## ABOUT THIS TASK
Go through the data below and transcribe it exactly. Omit the images.

Excerpts from a dataset:

○ ○ ○

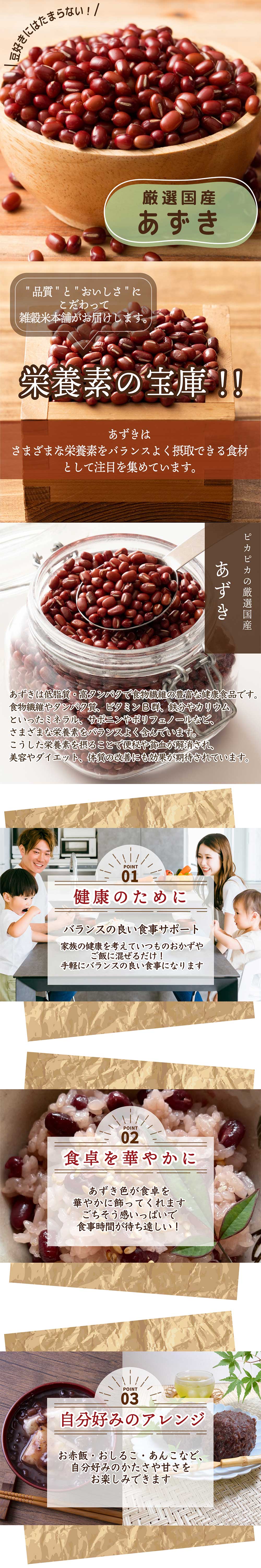 小豆は雑穀の中でも、玄米と同じようにビタミンB1を含み、ビタミンB1は糖質をエネルギーに変える効果を期待されています。
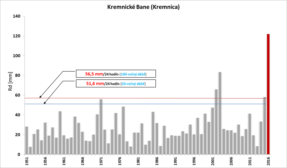 Extrémne úhrny zrážok v Kremnických Baníach a Komárne
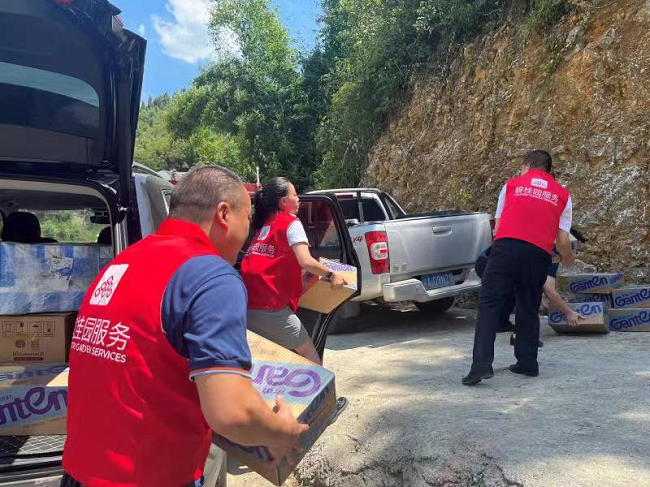 ▲碧桂园服务救援小队往南川区石莲镇运送物资
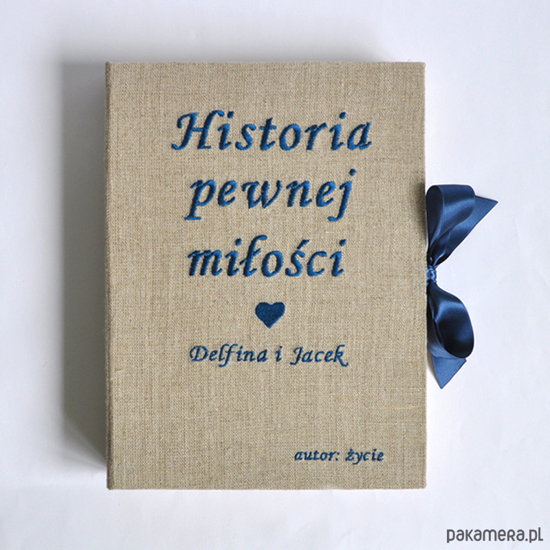 Notatnik, księga gości, pamiętnik... od podstaw wykonany ręcznie, od barwienia papieru, poprzez szycie i oprawę całości. Okładka obita płótnem (naturalnym lub granatowym do wyboru), na okładce haft, którego treść ustalamy indywidualnie. Wnętrze kryje 140 stron / 70 kartek postarzanego papieru, każda kartka była barwiona ręcznie w mojej pracowni (w tej cenie możliwość wymiany na 240 stron/120 kartek białego gładkiego papieru). Wymiary 22 x 30 x 3 cm. W cenie księgi mogę zamieścić personalizacje pierwszej strony (wydruk tekstu czarnym tuszem, dowolna czcionka, dowolna treść). Zapraszam :)
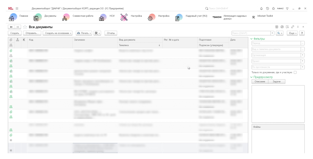 Теперь перечень документов содержится в одном месте. Находить условный регламент или накладную проще, сделаны системные фильтры для поиска. Можно сгруппировать все документы в общую папку и обеспечить быстрый доступ к ним для конкретного сотрудника. Не касающиеся его документы скрываются из навигации.
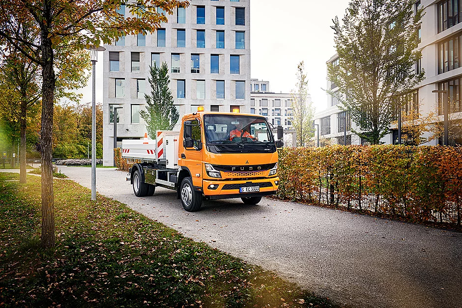 In der ausgestellten Variante wird der elektrische Leicht-Lkw über eine S-Batterie versorgt – eine Batterieladung bietet eine Reichweite von 70 km. Für den Einsatz im Baugewerbe ermöglicht der eCanter auf diese Weise deutlich mehr Zuladung und bietet Kunden, die auf Elektromobilität setzen, vielseitige Einsatzmöglichkeiten. Er ist in zwei weiteren Batteriekonfigurationen (M und L) verfügbar und kommt je nach Konfiguration auf bis zu 200 km Reichweite.
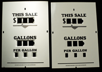 Gilbarco 86 G.O.C.(Gulf Oil Corp.) white faces - $50/set These are not the same size as a 'normal' GB 86. Your ID tag must say "G.O.C." |
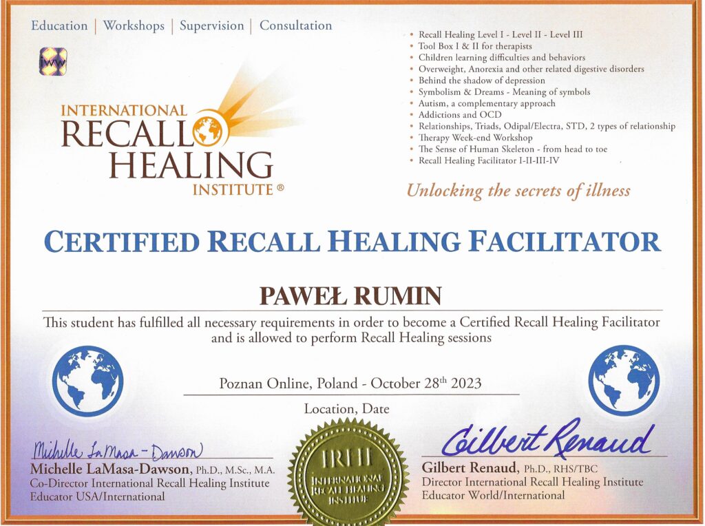 Nazywam się Paweł Rumin i ukończyłemMiędzynarodowy Instytut Totalnej Biologii® i jestem certyfikowanym facylitatorem metody.
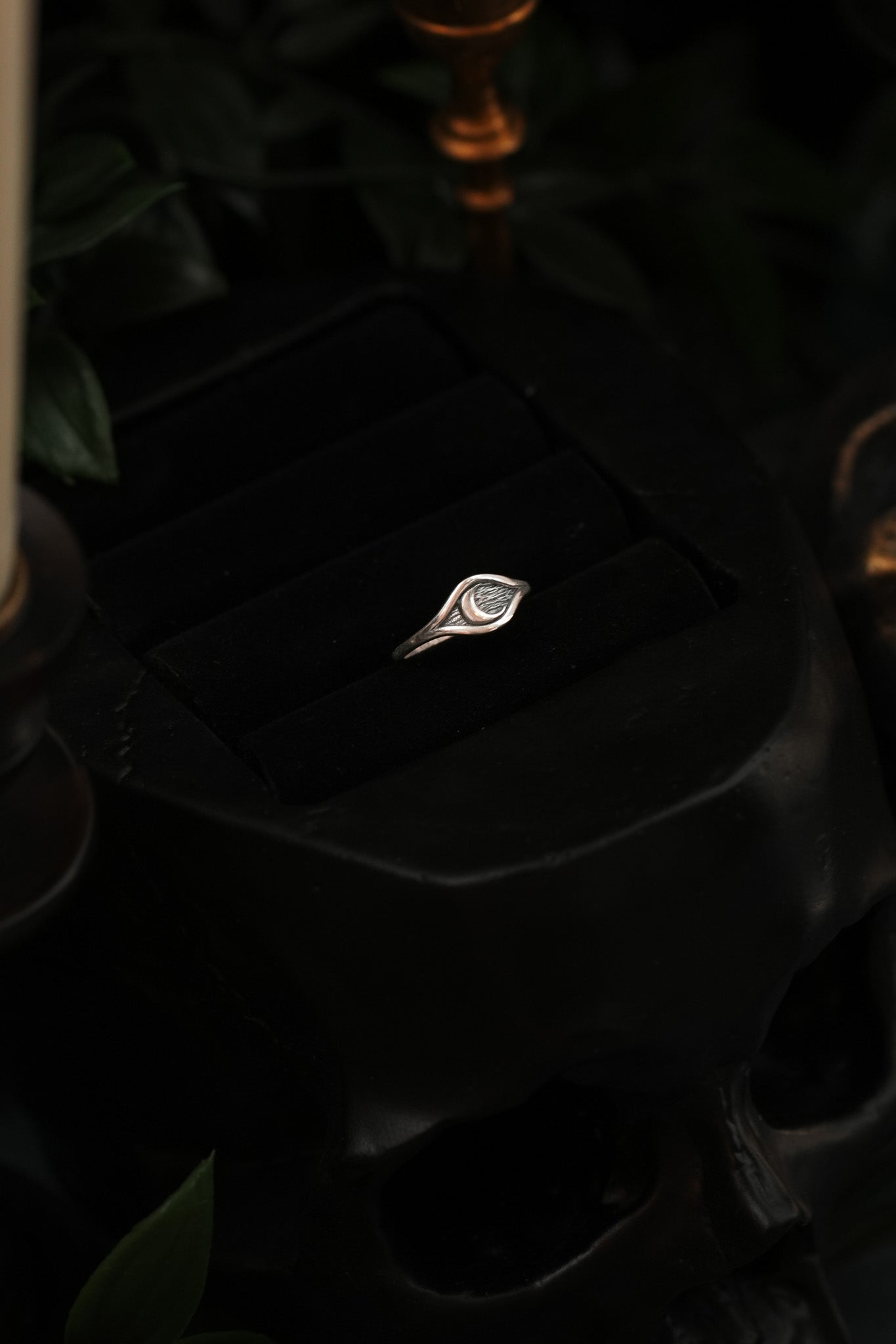 Handcrafted in sterling silver, the Selene Ring carries a quiet magic, a companion for those drawn to the night, to intuition, and to the power of beginnings that emerge from darkness.
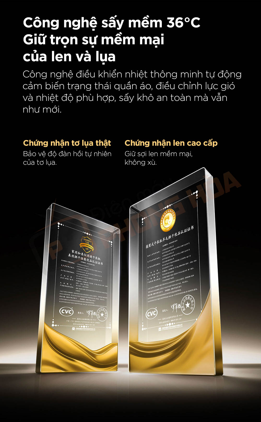 - Sấy mềm ở 36°C – Giữ nguyên độ mềm mịn, an toàn cho len, lụa và quần áo cao cấp.

○ ○ ○

## TASK RESPONSE
 小豆は雑穀の中でも、玄米と同じようにビタミンB1を含み、ビタミンB1は糖質をエネルギーに変える効果を期待されています。
 Extrémne úhrny zrážok v Kremnických Baníach a Komárne
 ▲碧桂园服务救援小队往南川区石莲镇运送物资
 Notatnik, księga gości, pamiętnik... od podstaw wykonany ręcznie, od barwienia papieru, poprzez szycie i oprawę całości. Okładka obita płótnem (naturalnym lub granatowym do wyboru), na okładce haft, którego treść ustalamy indywidualnie. Wnętrze kryje 140 stron / 70 kartek postarzanego papieru, każda kartka była barwiona ręcznie w mojej pracowni (w tej cenie możliwość wymiany na 240 stron/120 kartek białego gładkiego papieru). Wymiary 22 x 30 x 3 cm. W cenie księgi mogę zamieścić personalizacje pierwszej strony (wydruk tekstu czarnym tuszem, dowolna czcionka, dowolna treść). Zapraszam :)
 Теперь перечень документов содержится в одном месте. Находить условный регламент или накладную проще, сделаны системные фильтры для поиска. Можно сгруппировать все документы в общую папку и обеспечить быстрый доступ к ним для конкретного сотрудника. Не касающиеся его документы скрываются из навигации.
 In der ausgestellten Variante wird der elektrische Leicht-Lkw über eine S-Batterie versorgt – eine Batterieladung bietet eine Reichweite von 70 km. Für den Einsatz im Baugewerbe ermöglicht der eCanter auf diese Weise deutlich mehr Zuladung und bietet Kunden, die auf Elektromobilität setzen, vielseitige Einsatzmöglichkeiten. Er ist in zwei weiteren Batteriekonfigurationen (M und L) verfügbar und kommt je nach Konfiguration auf bis zu 200 km Reichweite.
 Gilbarco 86 G.O.C.(Gulf Oil Corp.) white faces - $50/set These are not the same size as a 'normal' GB 86. Your ID tag must say "G.O.C." |
 Nazywam się Paweł Rumin i ukończyłemMiędzynarodowy Instytut Totalnej Biologii® i jestem certyfikowanym facylitatorem metody.
 Handcrafted in sterling silver, the Selene Ring carries a quiet magic, a companion for those drawn to the night, to intuition, and to the power of beginnings that emerge from darkness.
 - Sấy mềm ở 36°C – Giữ nguyên độ mềm mịn, an toàn cho len, lụa và quần áo cao cấp.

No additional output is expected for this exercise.